The api for shuffling only has support for the byte
and sbyte
//
// Summary:
// __m256i _mm256_shuffle_epi8 (__m256i a, __m256i b)
//
// VPSHUFB ymm, ymm, ymm/m256
//
// Parameters:
// value:
//
// mask:
public static Vector256<sbyte> Shuffle(Vector256<sbyte> value, Vector256<sbyte> mask);
//
// Summary:
// __m256i _mm256_shuffle_epi8 (__m256i a, __m256i b)
//
// VPSHUFB ymm, ymm, ymm/m256
//
// Parameters:
// value:
//
// mask:
public static Vector256<byte> Shuffle(Vector256<byte> value, Vector256<byte> mask);
How would you do a shuffle of other types? For example, say I have a Vector256<short>
and wanted to do a shuffle with a mask of something like [0, 1, 7, 7, 3, 3, 2, 0]
?
Would I have have to instead do it at the byte level? i.e convert the above mask into its byte equivalent?
Would I have have to instead do it at the byte level? i.e convert the above mask into its byte equivalent?
For a vector of (u)short
, usually yes (but it's more complicated), unless you can use AVX512 (for VPERMW
) or the indexes are lined up in pairs so that you can shuffle it as a vector of (u)int
.
For a vector of (u)int
, there is PermuteVar8x32
, which is generally more convenient anyway.
By the way Vector256.Shuffle
does have an overload to shuffle a vector of shorts, but in my tests at least it just calls some fallback method, so you probably don't want to rely on that.
In general, shuffling a vector of shorts with AVX2 is a bit more of a puzzle than just shuffling it as a vector of bytes - shuffling a vector of bytes is in general more complicated than calling Avx2.Shuffle
, which is really the issue here. Avx2.Shuffle
is part of the solution, but VPSHUFB
does not move bytes between the two 128-bit halves of a 256-bit vector. There are various solutions depending on what your indexes look like but in general the idea is to mostly rely on shuffling bytes, and handling movement between the two 128-bit parts separately.

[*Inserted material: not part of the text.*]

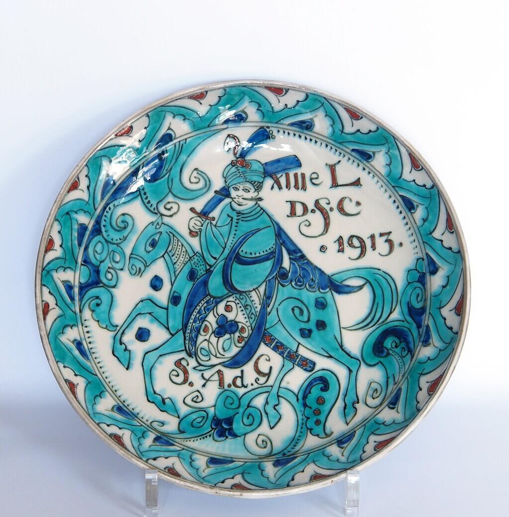 Schotel met decoratie van een ruiter met zwaard in de kleuren rood, blauw en turkoois. Achter de ruiter staats de tekst: XIIIe L D.S.C. 1913. Onder het paard zijn de letters S. A. d. G. (Nederlands)

For example, you can make a 256-bit vector that has two copies of the lower half of the data, another 256-bit vector that has two copies of the upper half of the data, shuffle each of these, then blend based on whether you want a byte from the lower or the upper part. In general you can do any 32 byte shuffle with that, and you can build a word shuffle on top of it.